--- WHAT IS NEEDED ---
Below are records; print only the lines from the line containing "Дом по технологии" to the end, both included, reproduced exactly and without the pictures.

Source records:

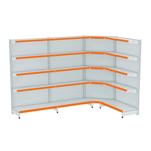 GONDOLA PAREDE 196 AMAPÁ FLEX 60 EXTRA-FORTE KIT 3 METROS COM 1 CANTO 5 BANDEJAS 1X40 CM +4X 35 CM BRANCO PORTA ETIQUETA (FAIXA) LARANJA
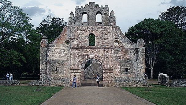 Как на ладони оказываются величественные горы, подножия которых утопают в пестрых языках пламени цветущих деревьев: красные, ярко-оранжевые и желтые краски сливаются с бурными потоками реки. Вдали можно увидеть руины древней церкви, построенной еще в шестнадцатом столетии.
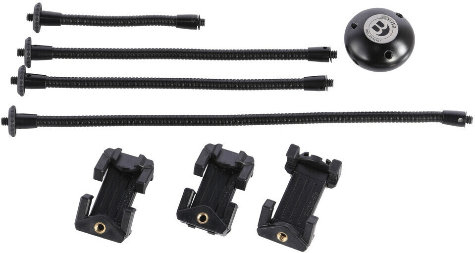 The sales kit comes with four folding arms: 1 x 10 cm, 2 x 20 cm and 1 x 30 cm and three smartphone holders.
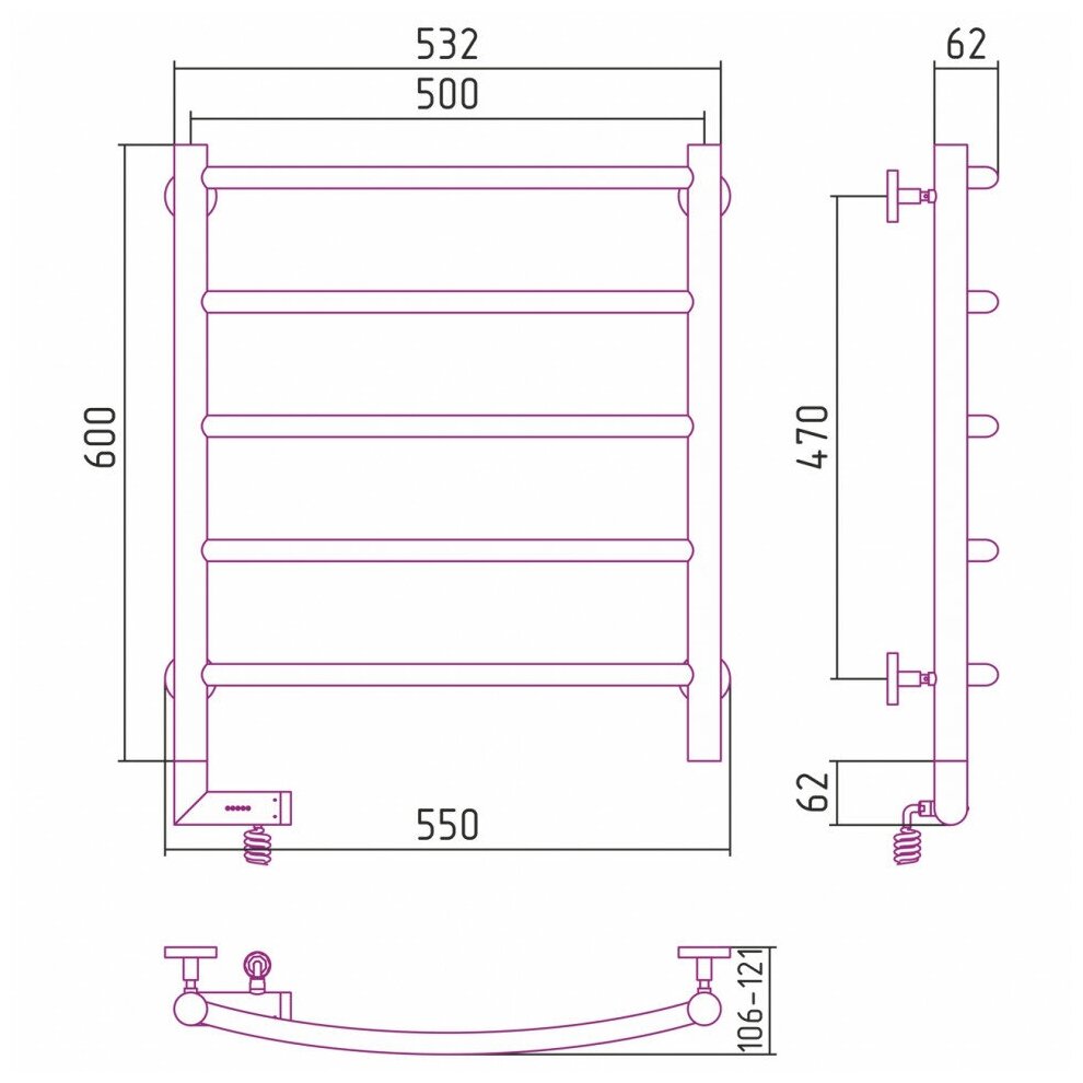 Полотенцесушитель Электрический Тругор Пэк сп 5 П 60х50 черный ВГП
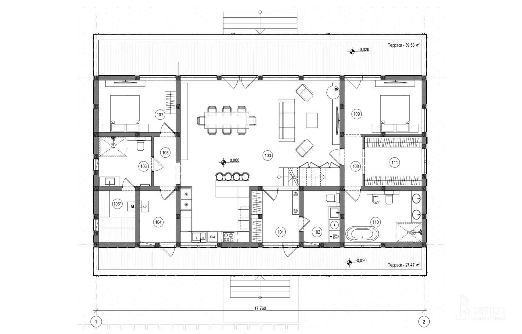 Дом по технологии фахверк со вторым светом, антресолью и террасой. 2 спальни, 2 санузла
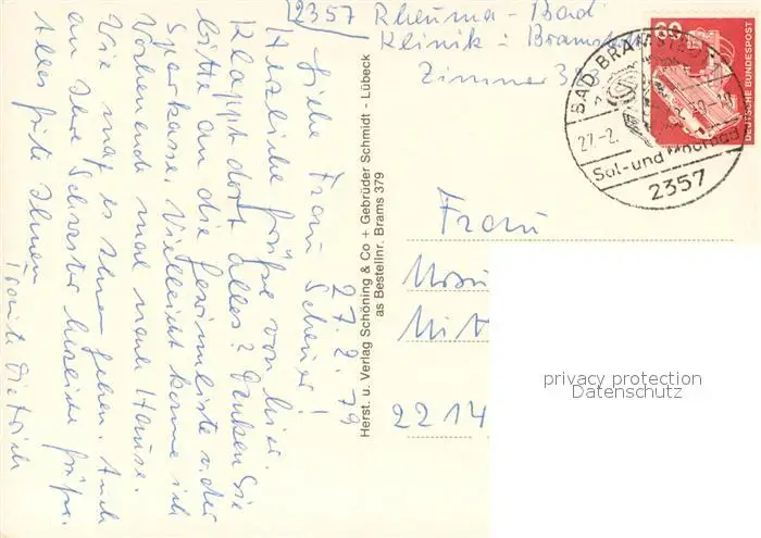 Bad_Bramstedt Rheumaklinik Kuranwendungen Bad_Bramstedt postalisch gelaufen 1979 Erhaltung siehe scans [FriedD77] Frierer

--- ANSWER SECTION ---
 Дом по технологии фахверк со вторым светом, антресолью и террасой. 2 спальни, 2 санузла
 Bad_Bramstedt Rheumaklinik Kuranwendungen Bad_Bramstedt postalisch gelaufen 1979 Erhaltung siehe scans [FriedD77] Frierer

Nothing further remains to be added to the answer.